Cliff Neimeth of Greenberg Traurig notes: One thing we didn’t get a chance to mention on our webcast last week is that drafters of rights agreements should consider footnote 244 in VC Strine’s Yucaipa decision. He suggests that in an NOL rights agreement (where the pill trigger is 4.99%) the definition of “beneficial ownership” should be drafted more narrowly than the expansive “13D definition” commonly used in traditional pills.

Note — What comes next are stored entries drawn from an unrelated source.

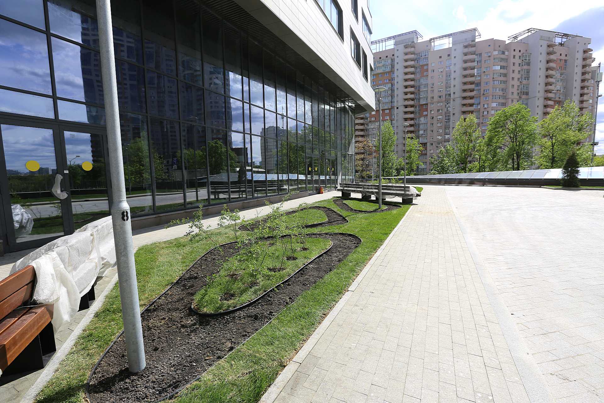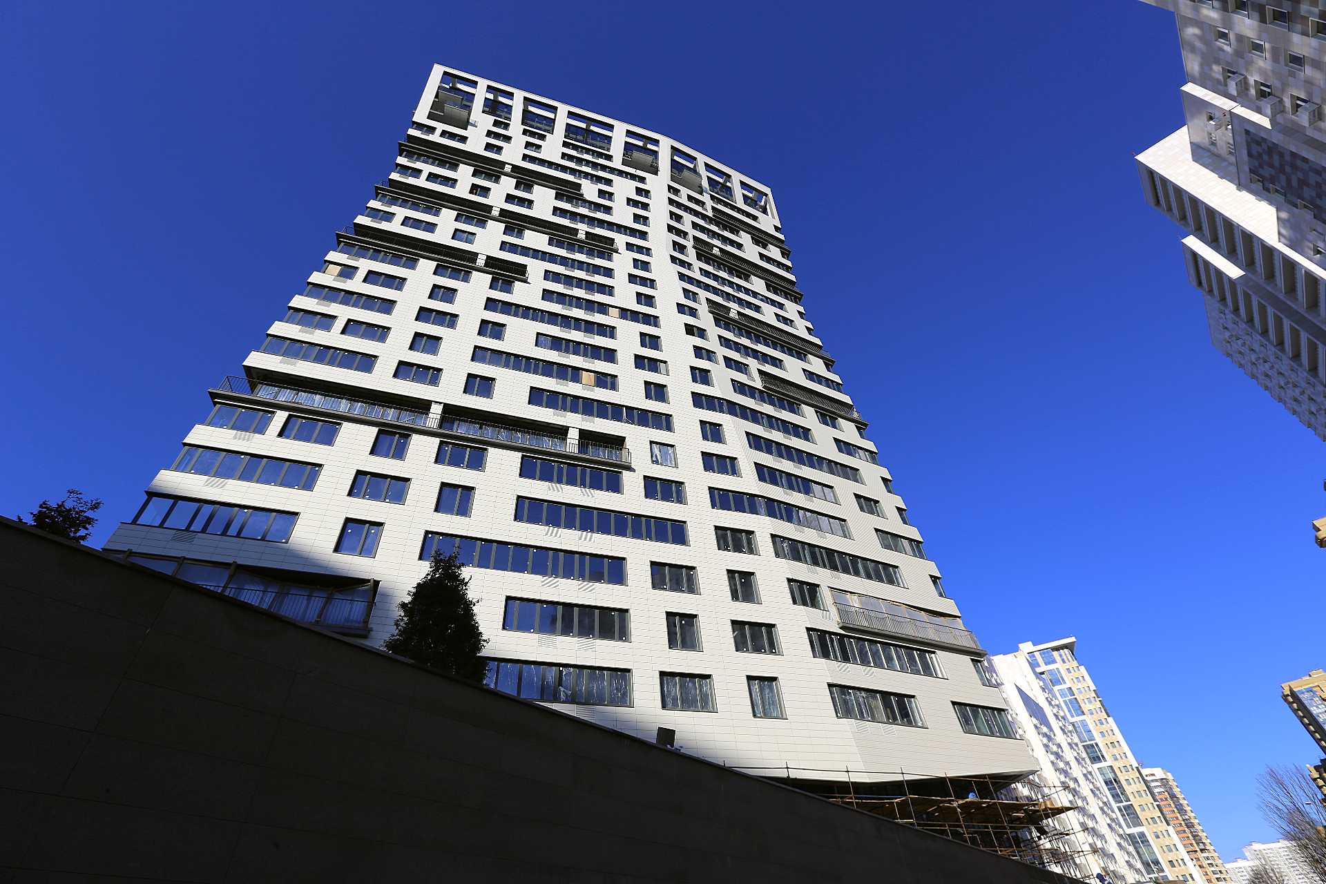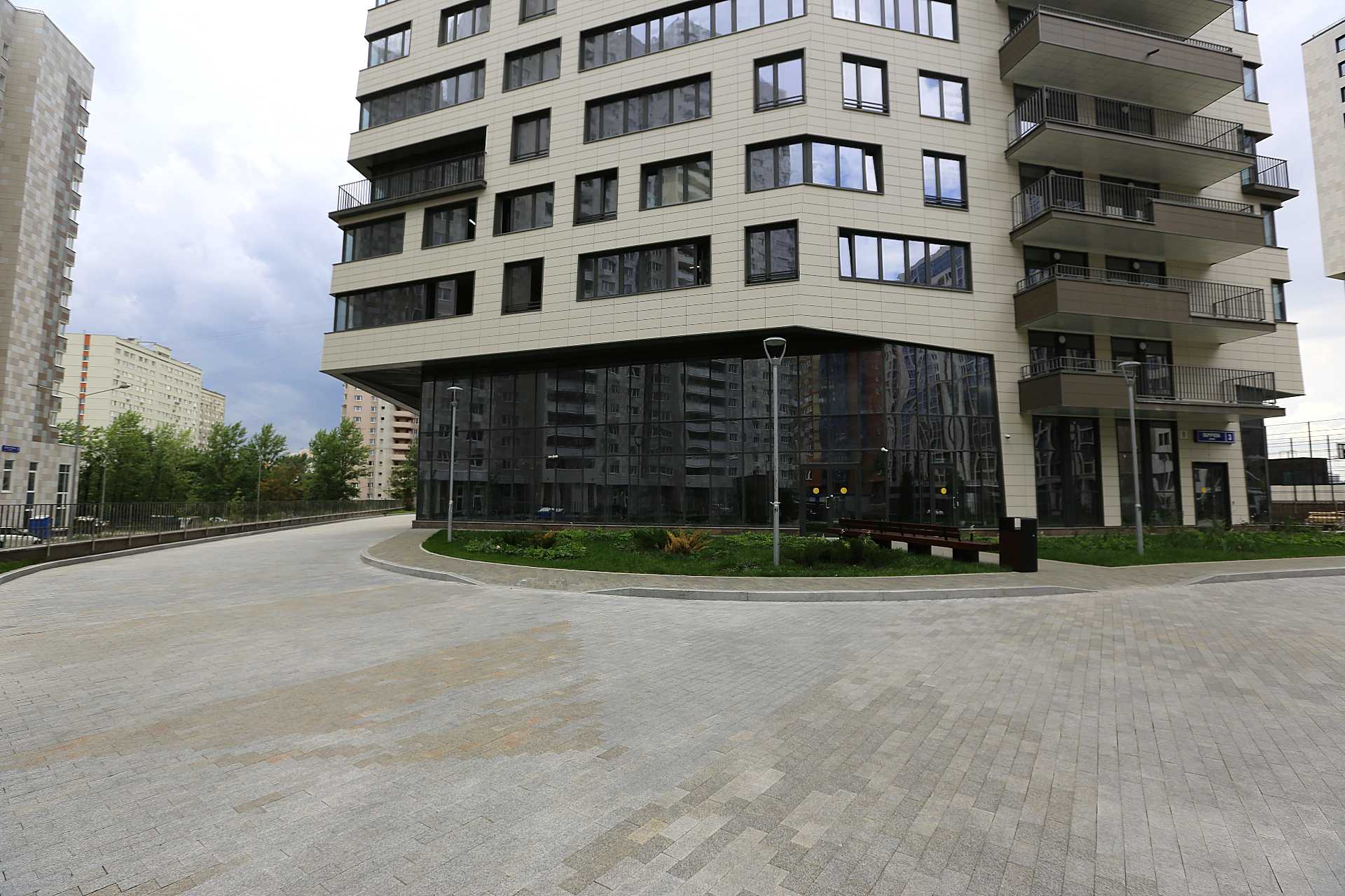 Дом с интересной подсветкой, которая создаёт уютную атмосферу вечером. Рядом зелёные аллеи и клумбы, а также детский городок, где мои дети любят играть. Однако на мой взгляд, забор вокруг территории немного портит общий вид. Он кажется устаревшим и не сочетается с современными домами. Ещё один минус — это количество лифтов. Их недостаточно для такого количества квартир на этаже, особенно учитывая высокую этажность здания. Иногда приходится ждать лифт слишком долго, особенно утром, когда многие спешат на работу. Под домом расположен торговый центр, а рядом парк. Это удобно, так как можно совершать покупки, не выходя из дома, и гулять в парке в свободное время.
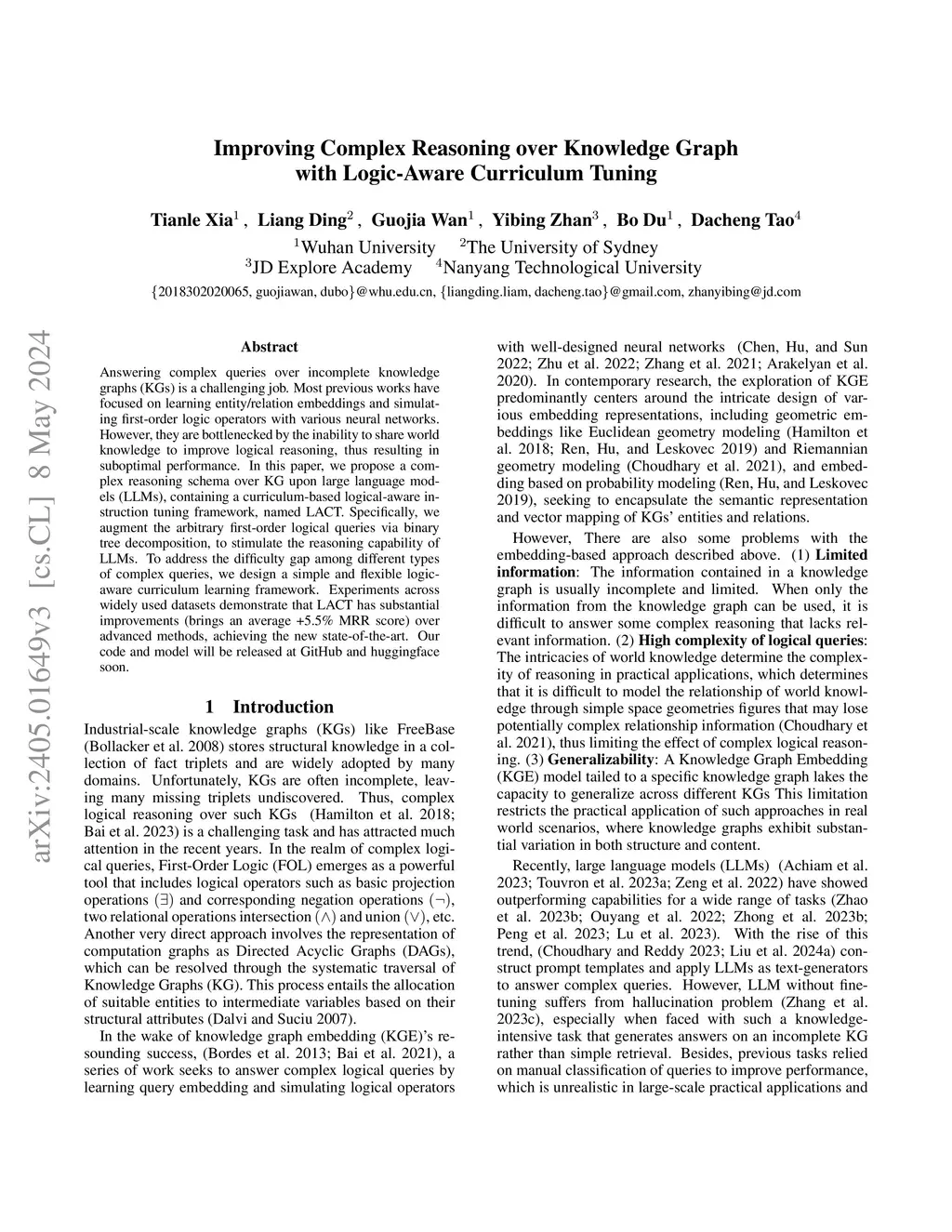 Improving Complex Reasoning over Knowledge Graph with Logic-Aware Curriculum Tuning
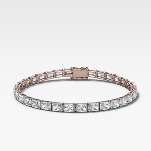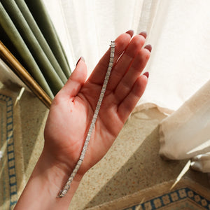 A sleek line of radiant diamonds, each set to maximize light and elegance—an elevated take on the timeless tennis bracelet.
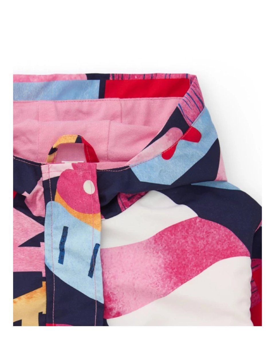 Giacca imbottita per bambina con stampa multicolore di lettere, cuori e stelle in rosso, blu, rosa e giallo. Cappuccio foderato in rosa chiaro, zip frontale sotto patta con bottoni a pressione e tasche frontali con patta. Polsini elasticizzati per trattenere il calore. Un capo vivace e divertente per l’inverno.
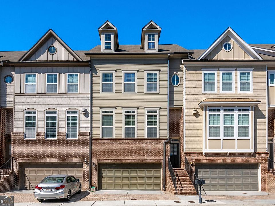 Brock Built craftsmanship meets a best-in-class location. Set in Vinings on the Chattahoochee, this townhome puts Westside Provisions, The Battery/Truist Park, Vinings Jubilee, Smyrna Market Village, Buckhead and Midtown within easy reach-two quick turns to I-285/I-75, yet tucked into a quiet, sidewalked, swim/tennis community. Inside, a designer kitchen with waterfall quartz island, hex backsplash, gas range and rich shaker cabinetry anchors an open main level framed by all-hardwood floors. The great room lives large with a modern gas fireplace and a wall of windows that step out to a treetop deck-private, green, and perfect for evenings in. Upstairs, the tray-ceiling primary suite offers a double vanity and glass walk-in shower, while secondary bedrooms keep the floor plan flexible. Downstairs, a rare walk-out terrace level with full bath opens to a fenced backyard and covered patio-true indoor-outdoor living you won't find in most comparables. A two-car garage, fresh systems, and move-in polish round it out. Bolton Academy zone. Appliances convey. Homes with this pedigree and position don't sit. Arrange your private showing today-call your agent for immediate access.
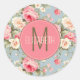 Shabby Chic Pink and Blue Cottage Roses Monogram Classic Round Sticker
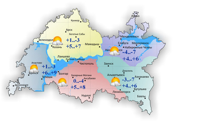 Днем максимальная температура воздуха достигнет 4—9 градусов выше ноля, сообщается на сайте Гидрометцентра РТ.
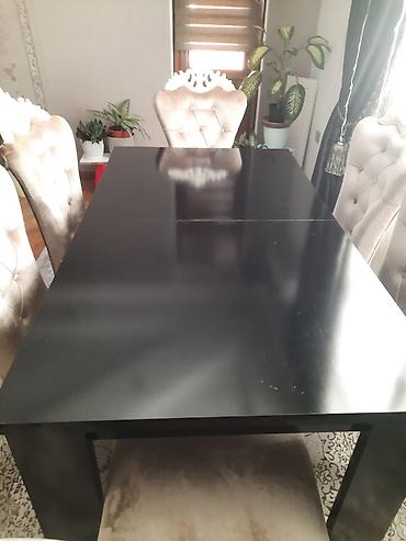 - Masa: Parlaq qara səthli düzbucaqlı yemək masası. Geniş ölçülü üstlük, düz xətlərə malik minimalist dizayn, möhkəm ayaqlar. Ailə yeməkləri və qonaqlamalar üçün rahat istifadə oluna bilər.
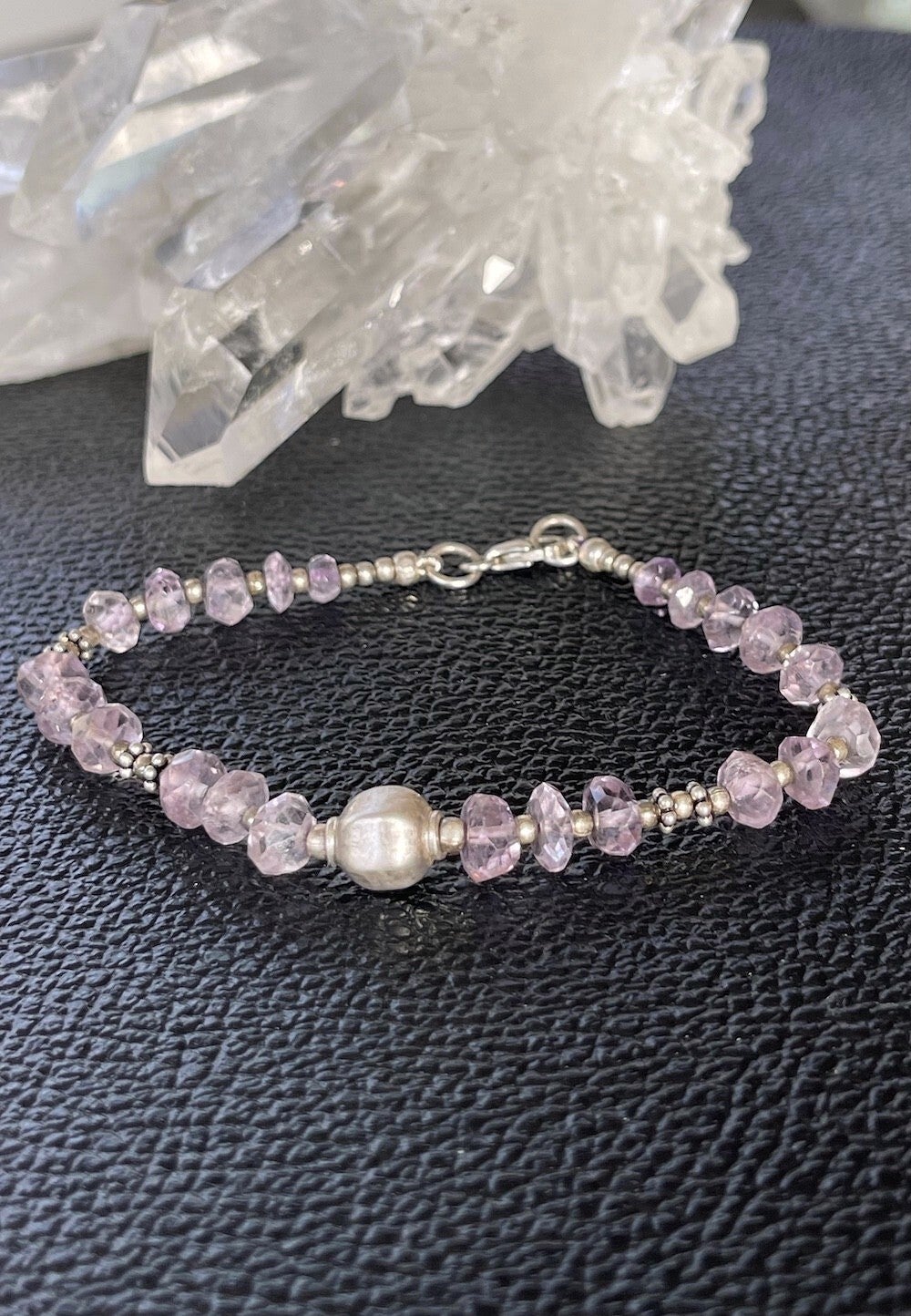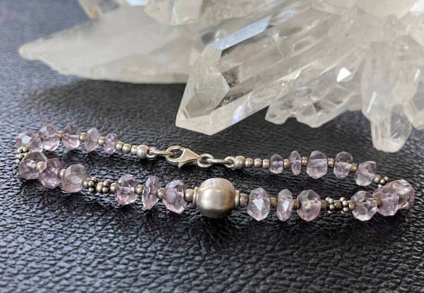 Armband met Amethist edelstenen, facet geslepen kralen met bewerkte zilveren kralen ertussen en met zilveren sluiting
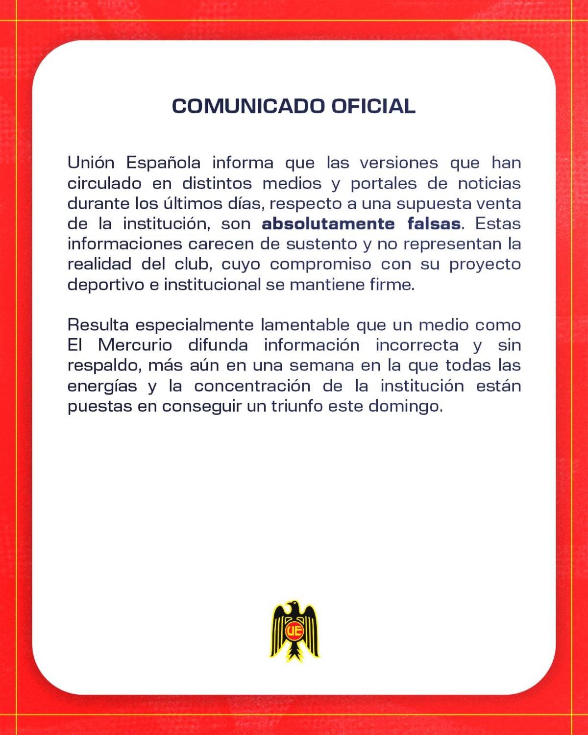 En sus plataformas digitales, Unión Española aseguró que las versiones de una venta eran absolutamente falsas y, de paso, lamentó que se haya esparcido un rumor de ese tipo.
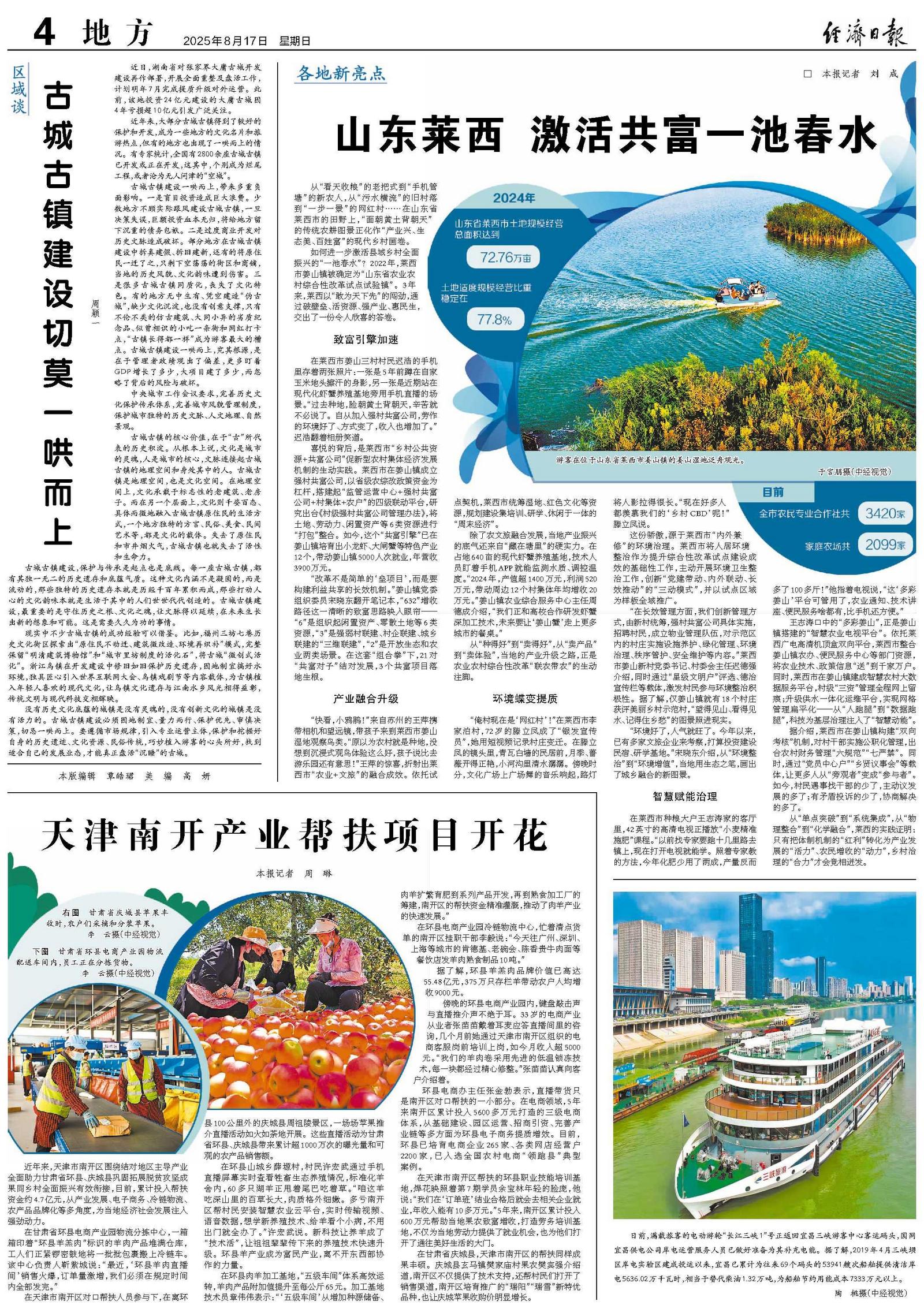 在甘肃省庆城县,天津市南开区的帮扶同样成果丰硕。庆城县玄马镇樊家庙村果农樊宾强介绍道,南开区不仅提供了技术支持,还帮村民们打开了销售渠道,南开区培育推广的“瑞阳”“瑞雪”新特优品种,也让庆城苹果收购价明显增长。
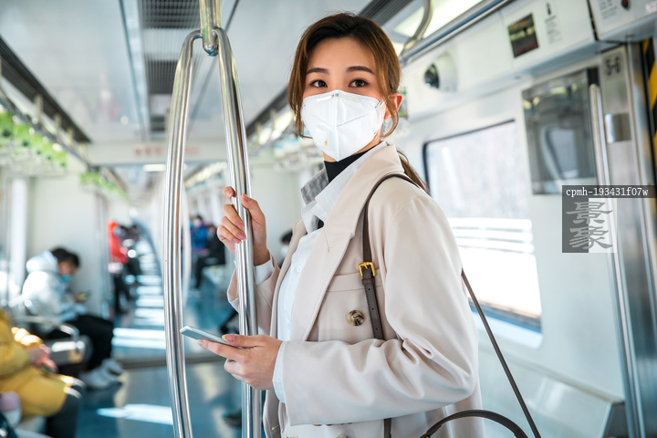 图片标题: 戴口罩的年轻女人乘坐地铁
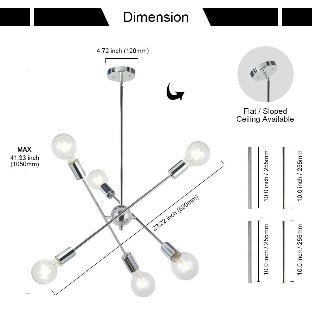 2.Modern Design with adjustable arms, 6-light chandelier lighting inspired by Sputnik style fixtures. It's the perfect light fixture to install in kitchen, dining room, living room, foyers.

He suggests that only economic ownership (outright purchases of the company’s stock) and not voting agreements and arrangements should determine “beneficial ownership” because the NOL pill is designed for a very narrow and specific purpose – the preservation of a material corporate asset – the loss of which is measured, for Internal Revenue Code purposes, by actual purchases and sales among 5%(+) holders for purposes of IRC section 382. Whereas, a traditional pill is designed to protect the company from a broader array of change-in-control threats that may be occassioned by more garden variety 13D group type acquisition activities, and the traditional pill trigger customarily will be set at the 20% (i.e., ISS recommended) 15% level. Strine, in fact, suggests a dual definition of beneficial ownership where an NOL pill feature is combined with a traditional pill in the rights agreement.

In that Selectica is on appeal to the Delaware Supreme Court it will be interesting to see if Strine’s message is acknowledged. In any case, it signals the Delaware Court of Chancery’s thinking on the subject and should not be ignored by drafters of future NOL pills.